Poetry News

Talking to Bushra Rehman

Originally Published: November 02, 2018

Tamiko Beyer talks to poet Bushra Rehman, author of Marianna’s Beauty Salon (Sibling Rivalry Press, 2018) and the forthcoming YA novel, Corona: Stories of a Queens Girlhood, for The Rumpus. "Rehman and I met more than a decade ago in New York City, but we can’t quite remember how. We were both active in queer and Asian American activist and literary scenes. We bonded in part over the belief that writing and social change are inseparable," says Rehman. From their conversation:

Rehman: It’s such a scary moment right now when we see people turning their pain outward onto others. I know when I’m feeling a great deal of pain, if I can break it out into a poem, I feel a relief that nothing else can bring me. There is a necessary place for learning how to have this creative release.

I’m not saying that a poetry workshop will change all the hate and violence that the Trump presidency has surfaced and unleashed. I’m saying that all of us need to be able to get in touch with our creative selves in order to document, heal, survive, and overcome. There’s a place for writing just as there’s a place for grassroots activism, working at Planned Parenthood, getting out on the streets, doing the essential legal work, running for office. It has to be all hands on deck.

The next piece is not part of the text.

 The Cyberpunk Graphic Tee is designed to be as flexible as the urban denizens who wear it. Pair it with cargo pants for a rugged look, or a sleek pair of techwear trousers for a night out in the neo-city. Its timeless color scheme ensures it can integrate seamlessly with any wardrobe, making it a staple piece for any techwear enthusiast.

I also believe fiction and poetry can reach readers’ hearts in ways news stories may not. Stories get under people’s skin. So much of the rhetoric of the Trump administration is about dehumanizing “others.” Through my work, I hope to share my lived Muslim experience and complicate the narratives because I know most Americans are taught to believe we are monsters. Most Americans have not actually met a Muslim person, so they believe what they are told. I can’t be everywhere, but my books can travel far.

Rumpus: That raises the question of audience for me, which was really present as I read Marianna’s Beauty Salon. How do you think of audience?

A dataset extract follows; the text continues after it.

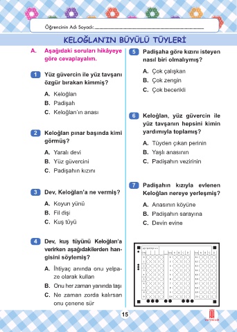 A. Aşağıdaki soruları hikâyeye 5 Padişaha göre kızını isteyen

Rehman: In the beginning, I wrote for myself, for my own sanity and pleasure. I never imagined I would share my work with the world. When I first started reading in public, it was almost always at fundraisers for queer, South Asian, and women of color organizations. I began to write more with them in mind. I loved when people exploded in recognition over cultural markers, whether it was a reference to Bollywood icon Zeenat Aman or working-class chic like plastic-covered sofas. It’s still the audience I’m writing for.

Even now when my work is being read by a more diverse crowd of folk, I try not to interrupt a narrative to explain a cultural reference. I trust readers will get concepts through context or take the time to look items up. What I don’t want to do is over-explain, so a reader from my original audience feels shut out. That’s how I feel when I read a fellow South Asian writer who over-explains cultural references within a story—shut out.